Também estima que a quantidade de terra usada para cultivar estes
alimentos que são desperdiçados equivale à superfície do México e
consome 28 milhões de toneladas de fertilizantes. Porém, os motivos
deste desperdício de recursos são muito diversos, e vão desde a
ineficiência no armazenamento nas propriedades rurais e durante o
transporte para os mercados, até a confusão dos consumidores sobre o que
fazer com os alimentos considerados “velhos”.

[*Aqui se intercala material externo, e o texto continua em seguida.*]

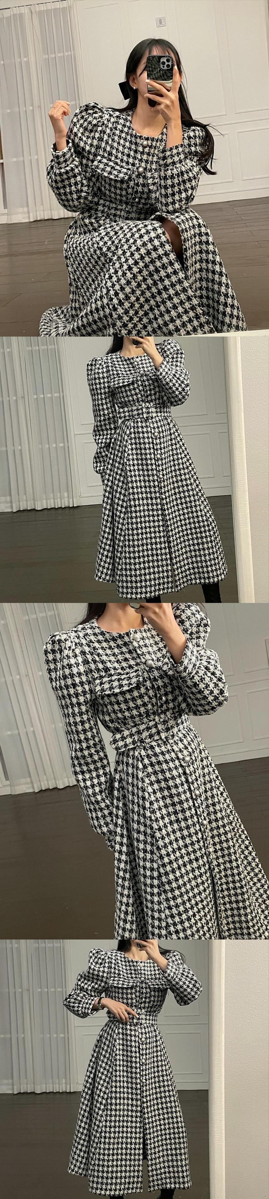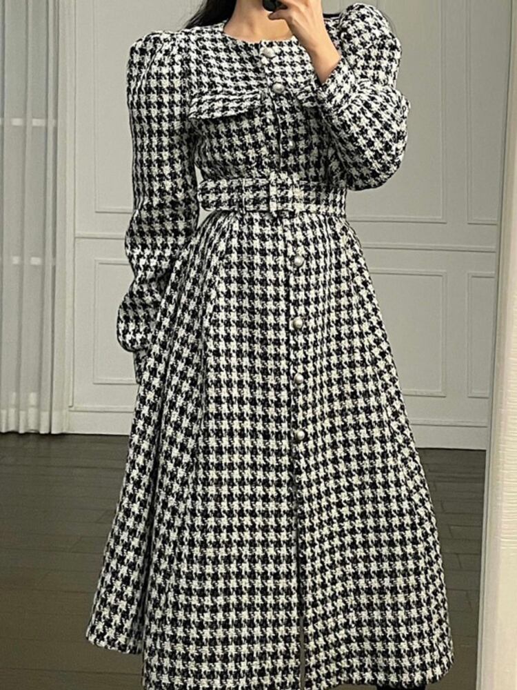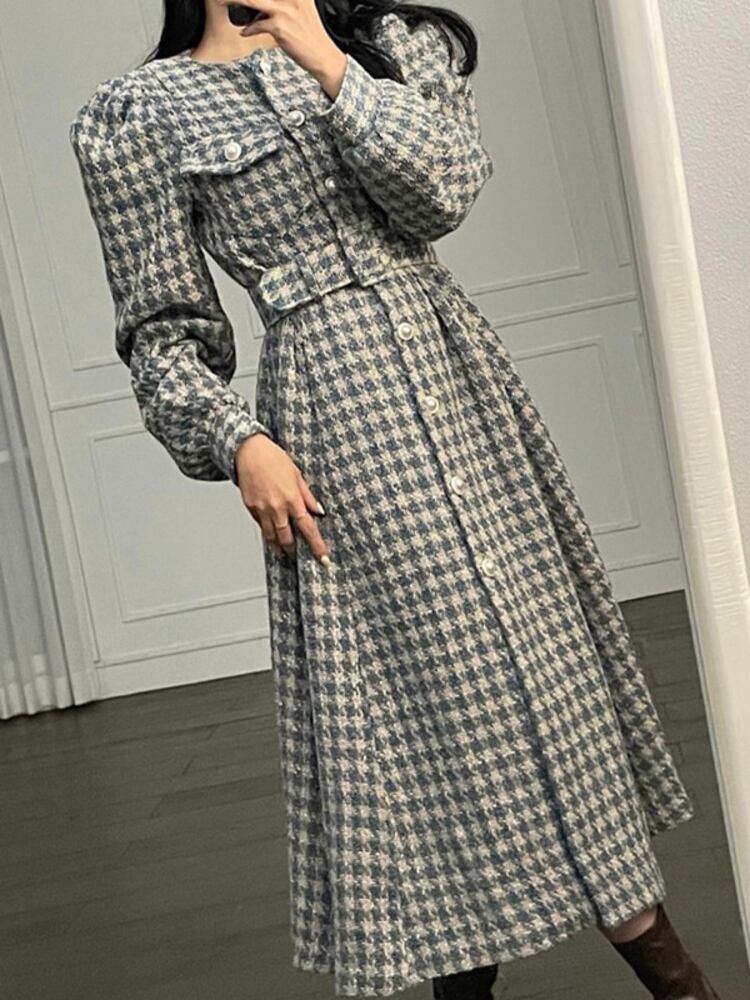 【EWQ】カラーコントラスト ツイードワンピース 春 冬 レースアップ ウエストパフスリーブ レディース パーティー ベスト スプリング 春物 ウィンター 冬物

As novas conclusões coincidem com a divulgação de estatísticas
surpreendentes sobre o alcance da fome no mundo. Segundo uma série de
estudos divulgados no dia 6, na revista médica britânica The Lancet,
a desnutrição responde por cerca de 45% de todas as mortes de menores
de cinco anos, muito mais do que a proporção de aproximadamente um terço
que se acreditava antes.
“Em boa parte, o alcance deste desperdício de alimentos é um fracasso
da tecnologia. Por exemplo, na África há agricultores que ainda não têm
eletricidade para armazenagem a frio”, disse à IPS Craig Hanson,
coautor do documento de trabalho do WRI. “Por um lado, podemos dizer que
há muitas maneiras de baixar custos em que os doadores podem ajudar.

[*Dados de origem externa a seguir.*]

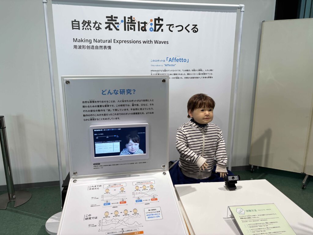 「心の動き」を豊かに表現し、これまでのロボットよりも自然な表情を作り出す子ども型のアンドロイド。見た目はまるで本物の人のよう!眉や目、口、肩などの動作を「波」で表すことにより、なめらかな表情で感情を伝えてくれるよ!
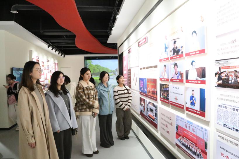 同学们跟随讲解员的指引,沿着历史的脉络,深入了解学校从1904年创办“湖南官立南路师范学堂”至今的发展历程。当看到1922年毛泽东同志来校建立湘南地区第一个党支部的珍贵史料时,现场不时传出阵阵惊叹。25级旅管1班吴季洲同学动容地表示:“站在先辈们曾经奋斗过的地方,看着这些珍贵的历史照片,我仿佛穿越到了那个热血沸腾的年代。作为新时代青年,我们要继承这份红色基因,不负时代使命。”

Porém, também temos que reconhecer que a pesquisa agrícola sobre
assuntos posteriores à colheita é diminuta, de apenas 5% dos
investimentos totais. Esse é um grande desequilíbrio”, acrescentou.
Hanson disse que embora os doadores e filantropos possam duplicar
esse número, chegando a apenas 10% de todos os investimentos agrícolas,
“se obterá um ganho enorme nas calorias disponíveis para a população”.

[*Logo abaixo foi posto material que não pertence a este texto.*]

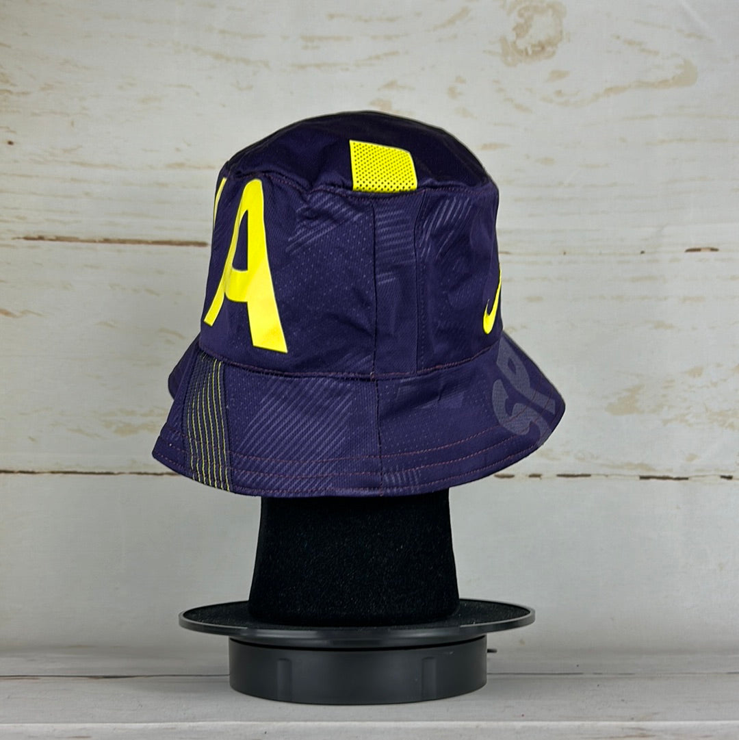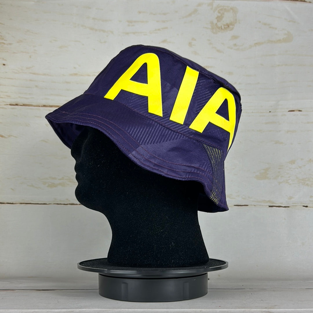 Bucket Hat Info: A custom Tottenham Hotspur football bucket hat made from a purple 2017/2018 football shirt. The plain design has a yellow AIA sponsor and yellow Nike tick on the side with the Tottenham badge on the front. The 'Spurs' text is on the brim. The top of the hat has two square yellow sections from the shirt either side.

Em vista disso, os níveis de desperdício de alimentos parecem ser
amplamente semelhantes entre os países industrializados e os que estão
em desenvolvimento. Cerca de 56% do desperdício total ocorre nas nações
ricas e aproximadamente 44% nos países pobres.
Na verdade, a Ásia meridional e do sudeste respondem por quase um
quarto de todo o desperdício mundial de alimentos, enquanto os países da
parte industrial do continente são responsáveis por outros 28%. De todo
modo, esses números escondem discrepâncias muito maiores por pessoa,
particularmente em relação à América do Norte. O governo dos Estados
Unidos, por exemplo, estima que o país só desperdiça cerca de 40% de seu
fornecimento de alimentos.
A maioria das regiões do mundo desperdiça entre 400 mil (Ásia
meridional e sudeste asiático) e 750 mil calorias (Europa) por pessoa a
cada dia, segundo o novo estudo. Entretanto, na América do Norte esse
número dispara para mais de 1,5 milhão, com base em estatísticas de
2011. Segundo os atuais padrões internacionais, um adulto ativo
necessita de 2.200 a três mil calorias diárias.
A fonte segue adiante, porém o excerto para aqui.